Running a Mincer-Zarnowitz regression is one way to meet the third element of the model validation guidance for US banking regulators described above. It is a form of outcomes analysis that can be applied whenever a financial institution’s model generates a forecast. If one took the positive economics philosophy to an extreme, this type of testing is all that would be necessary; only the forecast matters and the realism of the model’s assumptions do not.

However, there are two other elements to the validation of a model contained in US regulatory guidance. It would seem that one would have to look elsewhere to address the other elements of this guidance since at its core the Mincer-Zarnowitz regression is really a test of the models forecast. Modifications of the Mincer-Zarnowitz regression can provide insight into the other two elements contained in the regulatory guidance. While these modified regressions can help address the other two elements of the model validation guidance, it should be noted that fully addressing these elements would usually include more than just these tests.

The first element is an evaluation of the conceptual soundness of the model. As described above, this typically involves an evaluation of the assumptions of the model. A good forecast should incorporate all useful information. If there is additional information available at the time the forecast is made that could improve the forecast, then that information should be used in making the forecast.
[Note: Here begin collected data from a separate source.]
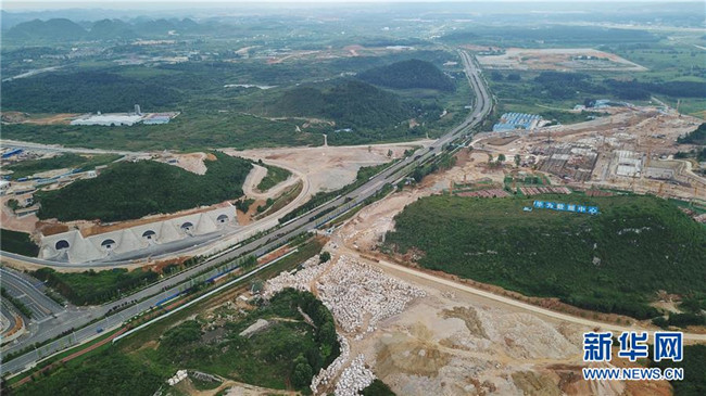 這是5月19日無(wú)人機(jī)拍攝的貴州省貴安新區(qū)“華為云”數(shù)據(jù)中心建設(shè)現(xiàn)場(chǎng)(以道路為界右)和騰訊貴安七星數(shù)據(jù)中心(左)。新華社記者 歐東衢 攝
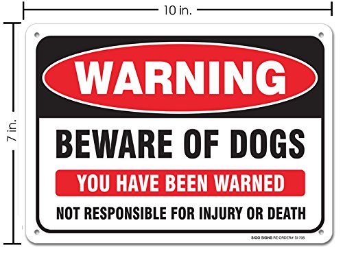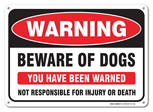 Beware of Dog Sign, Large 10x7" Aluminum, For Indoor or Outdoor Use - By SIGO SIGNS
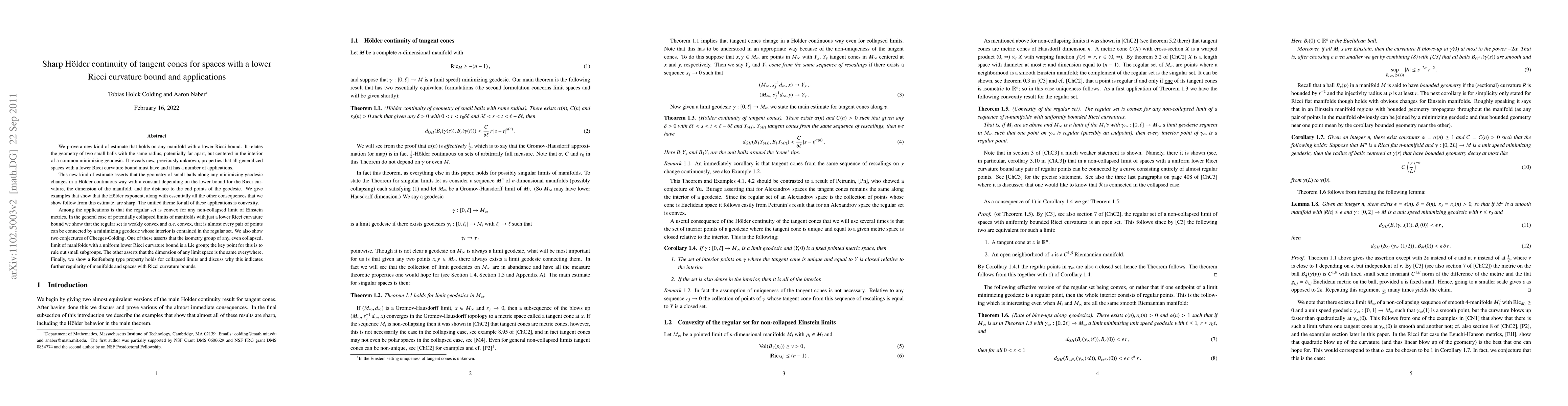 We prove a new kind of estimate that holds on any manifold with lower Ricci bounds. It relates the geometry of two small balls with the same radius, potentially far apart, but centered in the interior of a common minimizing geodesic. It reveals new, previously unknown, properties that all generalized spaces with a lower Ricci curvature bound must have and it has a number of applications. This new kind of estimate asserts that the geometry of small balls along any minimizing geodesic changes in a H\"older continuous way with a constant depending on the lower bound for the Ricci curvature, the dimension of the manifold, and the distance to the end points of the geodesic. We give examples that show that the H\"older exponent, along with essentially all the other consequences that we show follow from this estimate, are sharp. The unified theme for all of these applications is convexity. Among the applications is that the regular set is convex for any non-collapsed limit of Einstein metrics. In the general case of potentially collapsed limits of manifolds with just a lower Ricci curvature bound we show that the regular set is weakly convex and $a.e.$ convex, that is almost every pair of points can be connected by a minimizing geodesic whose interior is contained in the regular set. We also show two conjectures of Cheeger-Colding. One of these asserts that the isometry group of any, even collapsed, limit of manifolds with a uniform lower Ricci curvature bound is a Lie group; the key point for this is to rule out small subgroups. The other asserts that the dimension of any limit space is the same everywhere. Finally, we show that a Reifenberg type property holds for collapsed limits and discuss why this indicate further regularity of manifolds and spaces with Ricci curvature bounds.

Implicitly the assumption is that this other information does not affect the forecast. One can test whether other variables are useful in making a forecast by augmenting the regression model with additional auxiliary exogeneous variables.

y_{n + h} = α + β_{1} y_{n + h ∣ n} + β_{2} x_{2 ∣ n} + \dots + β_{k} x_{k ∣ n} + e_{n + h ∣ n}

Each of these additional variables should have no effect on the model. In this case the hypothesis to be tested is that $α = 0, β_{1} = 1, β_{2} = 0, β_{3} = 0, \dots β_{k} = 0$ . If some of the auxiliary exogenous variables are important, then the model can be improved by using those variables in the model producing the forecast. Furthermore, lagged variables and transformations of variables can be used as auxiliary regressors to detect whether persistence or nonlinearities are important elements of the model .

The second element of the regulatory guidance includes benchmarking of the model. This generally includes a comparison of the forecast to an alternative forecast. The basic Mincer-Zarnowitz regression only includes one forecast on the right-hand side, but it would be fairly easy to expand this to include a second forecast or even more,

y_{n + h} = α + β_{1} y_{n + h ∣ n}^{1} + β_{2} y_{n + h ∣ n}^{2} + e_{n + h ∣ n} .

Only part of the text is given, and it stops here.